Erdoğan, açıklamalarına şöyle devam etti:

"Kıbrıs Türk tarafı çözüm yönündeki iradesini ortaya koydu artık, Kıbrıs Rum tarafının da buna samimi bir şekilde karşılık vermesi ve uzlaşmayı esas alan geleceğe odaklanan bir anlayışla meseleye yaklaşması gerekiyor. Bu konu iç politik katkılara, taktik manevralara kurban edilemeyecek kadar önemlidir, kıymetlidir. Adil ve kalıcı bir çözüme ulaşılmasının adadaki taraflar yanında Doğu Akdeniz başta olmak üzere geniş bir coğrafyaya olumlu yansımaları olacağı açıktır. Çözümle birlikte ada ekonomisi güçlenecek, bugün hayal bile edilemeyen pek çok projenin hayata geçirilmesi mümkün olacak. Biz diğer muhataplardan da süreci bu şekilde ele almalarını, vizyonel bakış açısı ile süreci kolaylaştırmalarını bekliyoruz. Değerli kardeşlerim Kıbrıs Türk halkının hayat kalitesini daha da üst düzeye çıkaracak istek ve iradeye sahip olduğunu biliyoruz. Bu uzun soluklu mücadelede Kıbrıs Türkü'nün ekonomik açıdan daha güçlü bir düzeye gelmesi için şimdiye kadar kardeşlerimizle el birliği ve dayanışma içinde olduk, bu çabamız kararlılıkla sürecektir."

Kıbrıs Türk halkının ve aslında su sorununa çözüm bulacak anavatanda su getirilmesindeki projede son aşamaya gelindiğini belirten Erdoğan, "1,5 kilometrelik yolumuz kaldı. Su medeniyettir, su hayattır. Ve bu su sadece özgürlük değil, aynı zamanda barış suyu olacak. Bu proje Türkiye ile KKTC arasındaki sarsılmaz bağın sembolü olacak birlik ve dayanışmayı yeni bir fiziki bağla pekiştirecek. Bizim arzumuz Türkiye'den getireceğimiz suyun sadece kuzeyine değil adanın tamamına hayat verebilmesidir. Biz bu suyun sadece kurak topraklara değil, çoraklaşan gönüllere de hayat suyu olmasını temenni ediyoruz.
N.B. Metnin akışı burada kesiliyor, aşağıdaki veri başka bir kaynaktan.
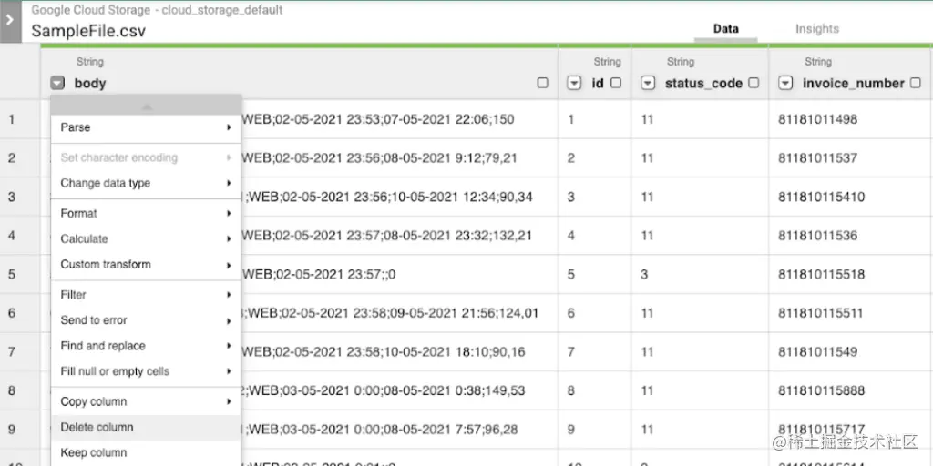 现在,Wrangler已经分离了文件中的所有输入字段,并为每个字段创建了一个列,这反映在右边的输出列列表中,它将正文输入作为一个单独的列,但我们不需要它,所以我们将像之前那样选择它并选择 "删除列 "选项来删除它。

Diğer doğal kaynaklarla birlikte bu projenin taraflarla arasındaki çok boyutlu işbirliğinin bir unsuru olmasını gönülden istiyoruz. ekonomideki gelişmeyi kalıcı hale getirmek hususunda öncü sektörler olan turizm ve yüksek öğretim alanındaki başarılarınızı tebrik ediyorum. Turizm alanında Kuzey Kıbrıs adeta patlama yaşıyor. Eğitim öğretim de artık Kuzey Kıbrıs 70 bini aşkın öğrencisiyle bundan böyle uluslararası camide farklı bir yere yerleşiyor. Kuzey Kıbrıs Türk Cumhuriyeti'nin, bölgenin en önemli turizm ve eğitim öğretim merkezlerinden biri haline getirmek bizim de ortak hedefimizdir. Geride bıraktığımız 10 yılda bu hedef ulaşma noktasında çok önemli mesafe kaydettik. Ancak önümüzde alınması gereken uzun yol bulunuyor" açıklamasını yaptı.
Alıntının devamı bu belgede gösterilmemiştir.